Toward Guarantees for Clinical Reasoning in Vision Language Models via Formal Verification

Imagine you have a brilliant, fast-talking medical intern named "AI-Robot." This intern is incredibly good at looking at X-rays and describing exactly what they see in perfect, fluent English. They can say, "I see a shadow here" or "The heart looks big there" with great confidence.

However, there's a catch: AI-Robot is a terrible logician.

Sometimes, AI-Robot sees a shadow but forgets to conclude, "This means there is fluid in the lung." Other times, it sees a perfectly healthy lung but confidently writes, "I diagnose pneumonia," just because it thinks that's what usually happens. It's like a student who memorized the answers to a test but didn't learn the math behind them. They might get the right answer by luck, or they might write a beautiful essay that makes no logical sense.

In the medical world, this is dangerous.

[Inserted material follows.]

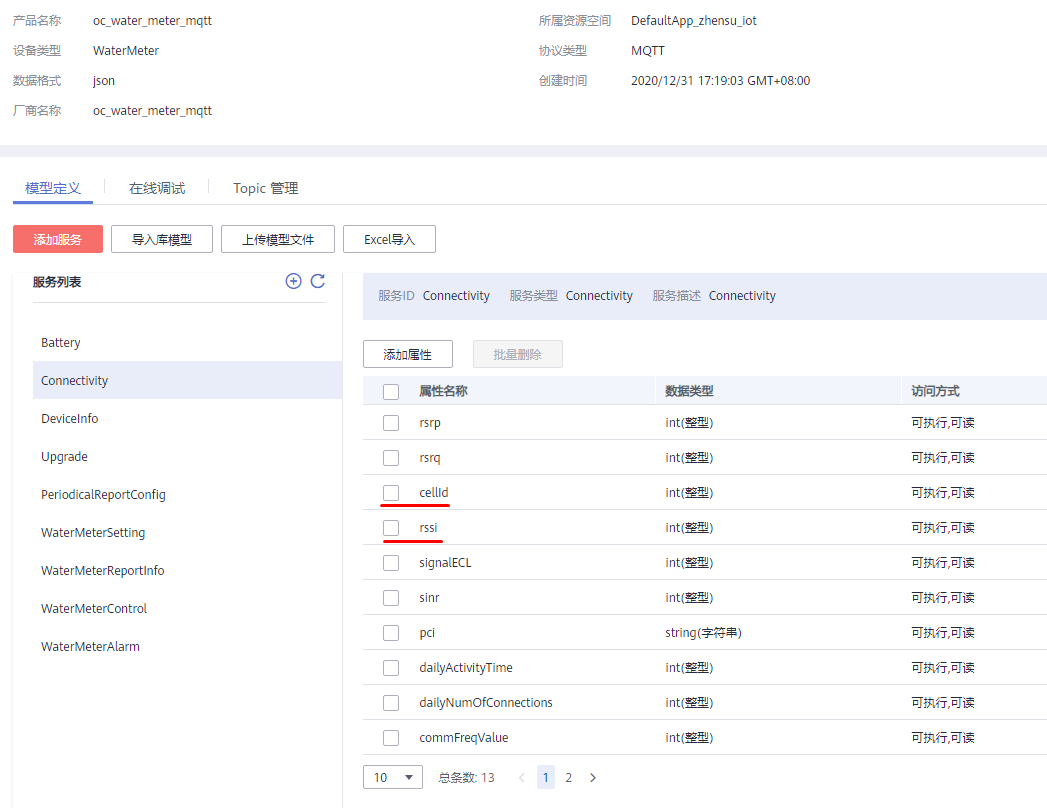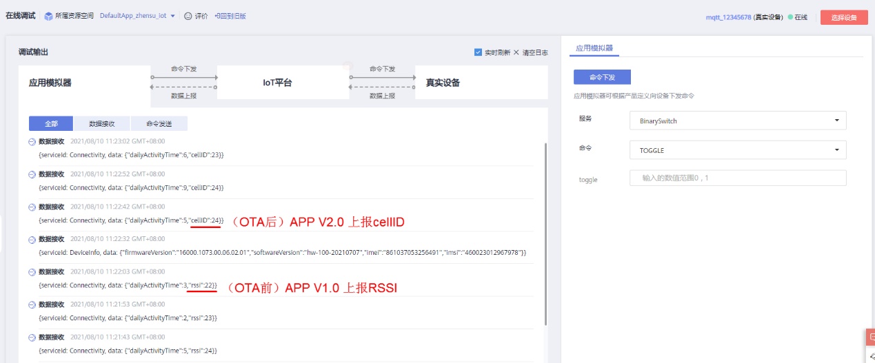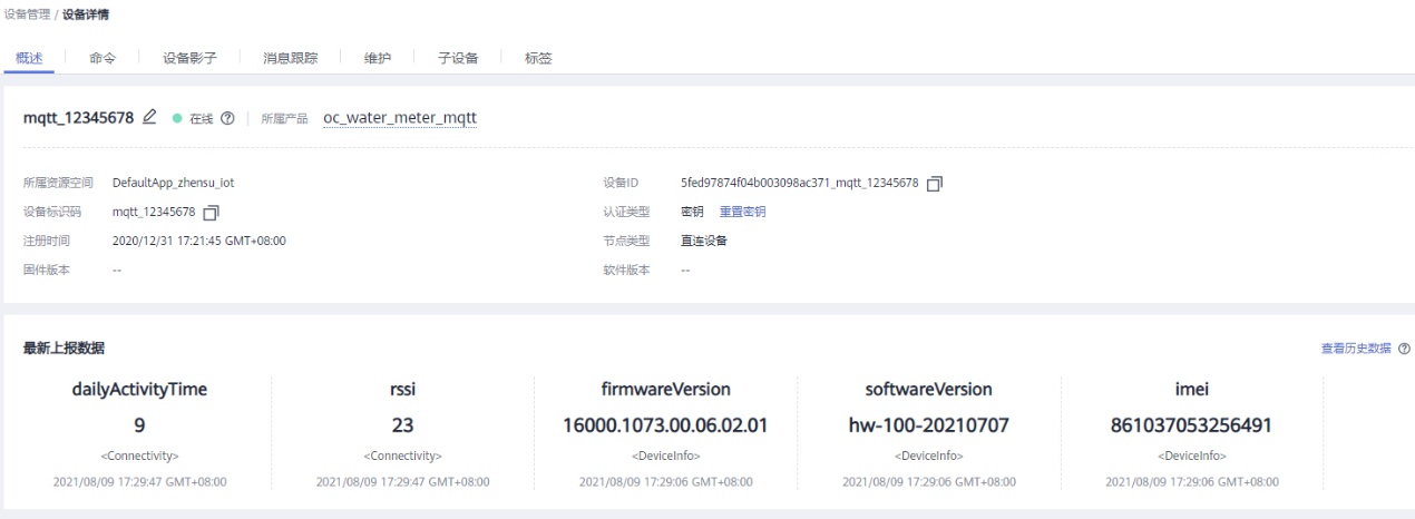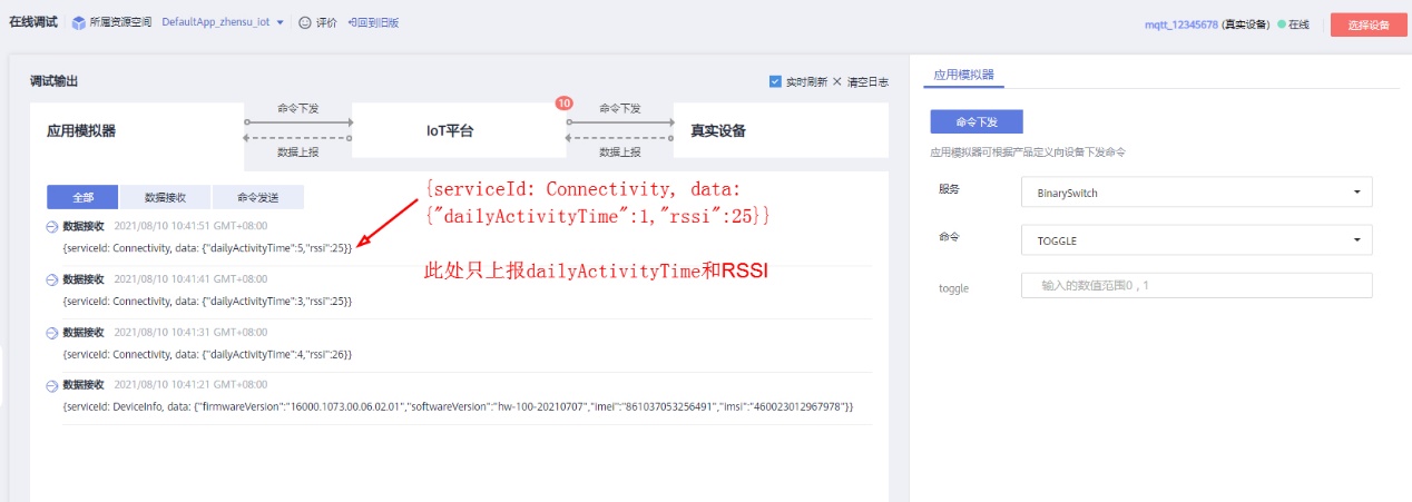 ( 1 )华为云 上 查看设备 详情,可以看到设备已在线。  ( 2 ) 华为云 上打开产品 选项 ,选择在线调试,点击 设备 。 可以 看到设备 已经 在线 , data 正在 上报到华为云 。 {serviceId: Connectivity, data: {"dailyActivityTime":1,"rssi":25}} 此处只上报 dailyActivityTime 和 RSSI 。  |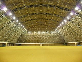 ドラゴンハットは、屋根に5列のトップライト(採光)を設け自然光を採り入れることにより、グラウンドの照度を平均500ルクス以上を確保しております。(天候により暗く感じる場合もあります)

Doctors can't just trust the intern's "fluent" report; they have to double-check every single sentence to make sure the conclusion actually follows from the evidence. This is exhausting and slows everything down.

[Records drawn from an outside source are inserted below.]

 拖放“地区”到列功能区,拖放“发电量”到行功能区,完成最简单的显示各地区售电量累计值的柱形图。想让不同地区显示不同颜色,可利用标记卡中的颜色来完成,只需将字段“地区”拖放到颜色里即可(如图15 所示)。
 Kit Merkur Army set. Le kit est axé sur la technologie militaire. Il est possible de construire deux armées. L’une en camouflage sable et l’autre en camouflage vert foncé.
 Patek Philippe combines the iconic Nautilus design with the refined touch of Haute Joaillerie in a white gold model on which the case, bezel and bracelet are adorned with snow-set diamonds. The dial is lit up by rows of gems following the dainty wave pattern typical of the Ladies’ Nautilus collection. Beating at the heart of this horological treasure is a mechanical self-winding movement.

The Problem: The "Fluency Trap"

Currently, we test these AI interns by comparing their reports to a "gold standard" report written by a human doctor. We use computer metrics (like counting how many words match) to grade them.

But this is like grading a math student only on their handwriting. If the student writes a beautiful, long essay that says "2 + 2 = 5," but uses fancy words, a word-counting system might give them a decent score because the words look similar to a real report. It fails to catch that the logic is broken.

The Solution: The "Logic Police" (Neurosymbolic Verification)

The researchers in this paper built a new system to act as a Logic Police Officer for these AI interns. They call it a "Neurosymbolic Verification Framework."

Here is how it works, using a simple analogy:

1. The Translator (Autoformalization)

First, the AI's messy, free-flowing English report is translated into a strict, rigid language that a computer can understand perfectly.

The Analogy: Imagine the AI writes a story: "The sky is dark and the ground is wet."
The Translator converts this into a strict code: IF (Sky == Dark) AND (Ground == Wet) THEN (It is Raining).
This removes all the ambiguity and "fluff" from the text.

2. The Rulebook (Clinical Knowledge Base)

The system has a giant, perfect rulebook written by real doctors.

The Analogy: This rulebook says things like: "If you see a dark shadow at the bottom of the lung, it MUST mean there is fluid there." It's the absolute law of the land.

3. The Judge (The SMT Solver)

Now, the system brings the AI's translated code and the Rulebook to a super-strict judge (a computer program called Z3). The judge asks a simple question: "Does the evidence force the conclusion?"

The judge checks the logic mathematically, not by guessing. It can find three types of errors that normal tests miss:

The Hallucination: The AI says, "I see a broken bone," but the evidence section never mentioned a bone. The Judge says: "FALSE. You made this up."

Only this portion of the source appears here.